(no title)
acka
|
4 months ago
I believe the XZ compromise partly stemmed from including binary files in what should have remained a source-only project. From what I remember, well-run projects such as those of the GNU project have always required that all binaries—whether executables or embedded data such as test files—be built directly from source, compiling a purpose-built DSL if necessary. This ensures transparency and reproducibility, both of which might have helped catch the issue earlier.
dijit|4 months ago
The issue for xz was that the build system was not hermetic (and sufficiently audited).
Hermitic build environments that can’t fetch random assets are a pain to maintain in this era, but are pretty crucial in stopping an attack of this kind. The other way is reproducible binaries, which is also very difficult.
EDIT: Well either I responded to the wrong comment or this comment was entirely changed. I was replying to a comment that said. “The issue was that people used pre-built binaries” which is materially different to what the parent now says, though they rhyme.
jacquesm|4 months ago
mananaysiempre|4 months ago
(The ostensibly autotools-built files in the tarball did not correspond to the source repository, admittedly, but that’s another question, and I’m of two minds about that one. I know that’s not a popular take, but I believe Autotools has a point with its approach to source distributions.)
acka|4 months ago
1oooqooq|4 months ago
the exploit used the only solution for this problem: binary test payload. there's no other way to do it.

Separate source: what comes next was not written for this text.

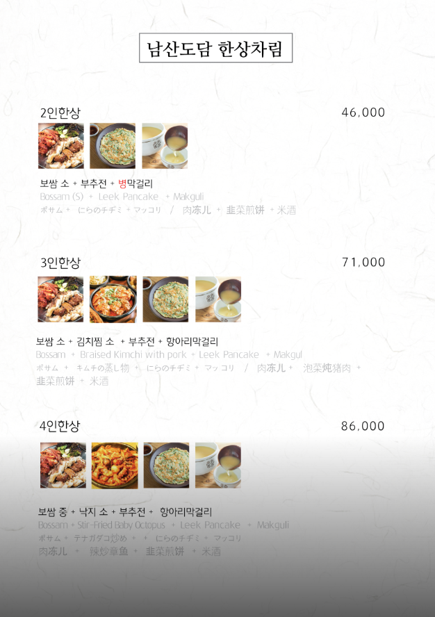 3인한상, 4인한상 등 인원에 맞게 주문할 수 있게 되어있는 거 너무 센스 있지 않나요?ㅎㅎ

maybe including the source to those versions and all the build stuff to then create them programmatically... or maybe even a second repo that generates signed payloads etc... but its all overkill and would have failed human attention as the attack proved to begin with.
huflungdung|4 months ago
Ideally a test env and a build env should be entirely isolated should the test code some how modify the source. Which in this case it did.